#### [Exercise directions]
Identify each line in the records below that contains the word "when", and copy it.

Saved entries
- - - - -

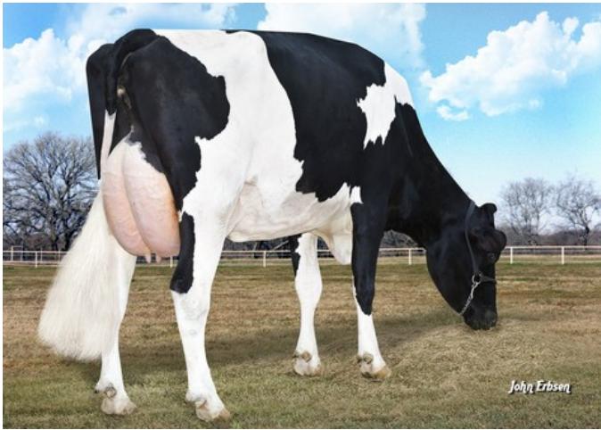
Morningview Super Roxy RDC EX-90
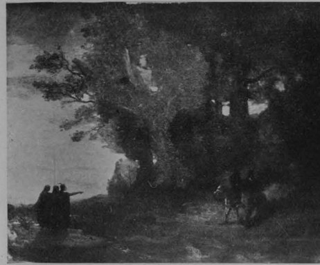
MACBETH AND THE WITCHES. 12 in.
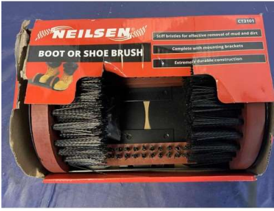
158. V - NEW NEILSEN SHOE BRUSH CT3101
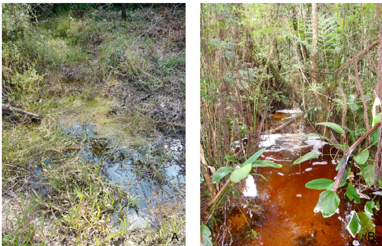
Figure 3. Open (A) and forest (B) area where individuals of Scinax cardosoi were observed at Reserva Particular do Patrimônio Natural Ovídio Antônio Pires , municipalities of Santa Rita da Jacutinga and Bom Jardim de Minas, state of Minas Gerais.
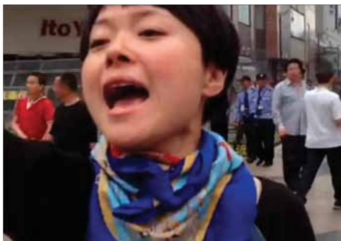
A unidentified lady suddenly accused a Hong Kong journalist of stealing her things when he was trying to take photos outside the court. When police blocked the journalist, the lady secretly left – photo of Hong Kong journalist.

During the 17 th National People’s Congress in March, when Bo Xilai was still in the position of Party Secretary of Chongqing, Chongqing Province also invited media personnel to attend the meeting. However, the invitation was not open to all media. Many journalists were crowded around outside the meeting room. The IFJ was told that several Mainland journalists were warned not to raise embarrassing questions, though the kinds of questions they were not allowed to ask were not specified. It is reasonable to suppose that no questions relating to the Bo scandal were permitted.

- - - - -

#### [Response to this task]
A unidentified lady suddenly accused a Hong Kong journalist of stealing her things when he was trying to take photos outside the court. When police blocked the journalist, the lady secretly left – photo of Hong Kong journalist.
During the 17 th National People’s Congress in March, when Bo Xilai was still in the position of Party Secretary of Chongqing, Chongqing Province also invited media personnel to attend the meeting. However, the invitation was not open to all media. Many journalists were crowded around outside the meeting room. The IFJ was told that several Mainland journalists were warned not to raise embarrassing questions, though the kinds of questions they were not allowed to ask were not specified. It is reasonable to suppose that no questions relating to the Bo scandal were permitted.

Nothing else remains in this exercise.